Task requirements: With pictures excluded, copy word for word the lines in the data below from the line containing "Canceled 11/25/25 11:42" through the line containing "And Mazda is".

Given data:
━━━━━━━━━━━━━━━━

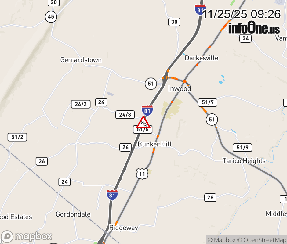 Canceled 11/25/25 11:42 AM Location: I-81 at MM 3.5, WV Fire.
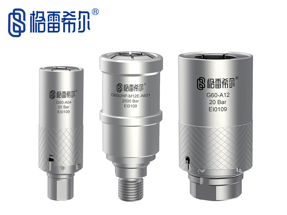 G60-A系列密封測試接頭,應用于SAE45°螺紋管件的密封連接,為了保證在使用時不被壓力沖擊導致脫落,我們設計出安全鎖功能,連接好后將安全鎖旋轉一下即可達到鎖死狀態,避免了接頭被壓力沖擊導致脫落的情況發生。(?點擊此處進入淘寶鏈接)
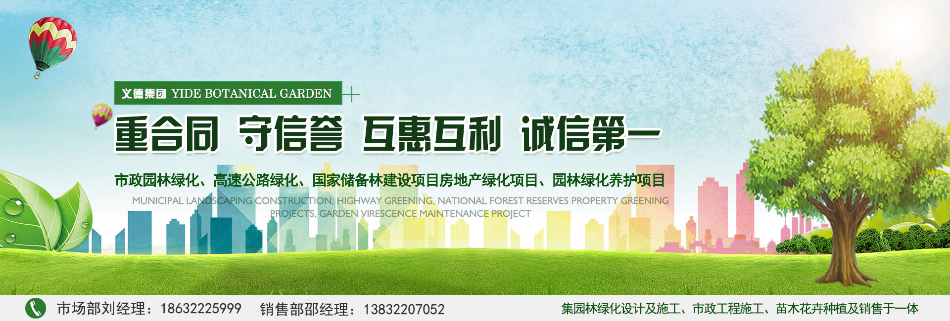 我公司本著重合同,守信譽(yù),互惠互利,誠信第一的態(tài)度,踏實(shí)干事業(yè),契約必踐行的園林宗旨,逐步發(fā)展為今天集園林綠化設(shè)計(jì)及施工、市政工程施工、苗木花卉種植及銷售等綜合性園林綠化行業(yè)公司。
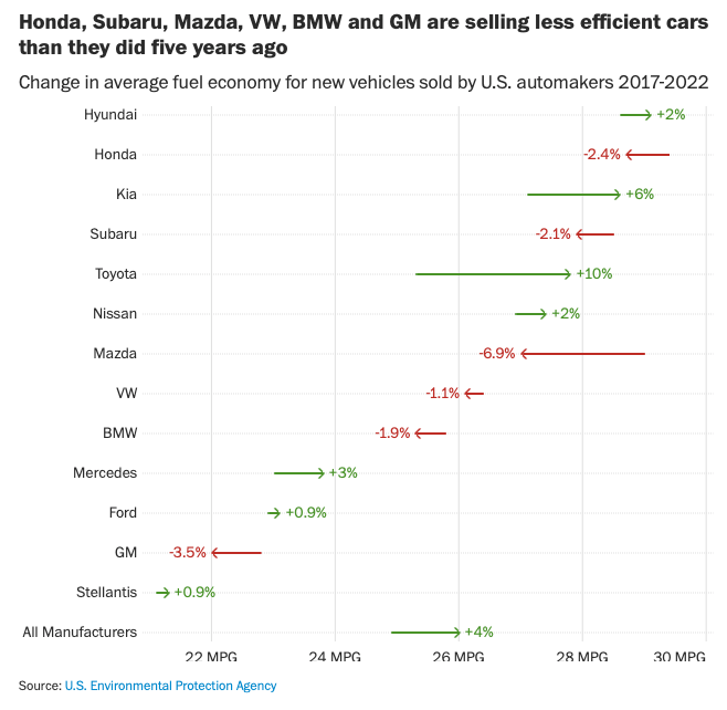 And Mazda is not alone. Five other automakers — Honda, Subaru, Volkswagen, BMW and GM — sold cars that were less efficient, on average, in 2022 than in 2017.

━━━━━━━━━━━━━━━━

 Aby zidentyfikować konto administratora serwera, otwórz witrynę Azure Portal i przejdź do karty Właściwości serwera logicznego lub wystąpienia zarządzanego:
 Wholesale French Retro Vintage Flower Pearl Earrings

━━━━━━━━━━━━━━━━

Answer box:
 Canceled 11/25/25 11:42 AM Location: I-81 at MM 3.5, WV Fire.
 G60-A系列密封測試接頭,應用于SAE45°螺紋管件的密封連接,為了保證在使用時不被壓力沖擊導致脫落,我們設計出安全鎖功能,連接好后將安全鎖旋轉一下即可達到鎖死狀態,避免了接頭被壓力沖擊導致脫落的情況發生。(?點擊此處進入淘寶鏈接)
 我公司本著重合同,守信譽(yù),互惠互利,誠信第一的態(tài)度,踏實(shí)干事業(yè),契約必踐行的園林宗旨,逐步發(fā)展為今天集園林綠化設(shè)計(jì)及施工、市政工程施工、苗木花卉種植及銷售等綜合性園林綠化行業(yè)公司。
 And Mazda is not alone. Five other automakers — Honda, Subaru, Volkswagen, BMW and GM — sold cars that were less efficient, on average, in 2022 than in 2017.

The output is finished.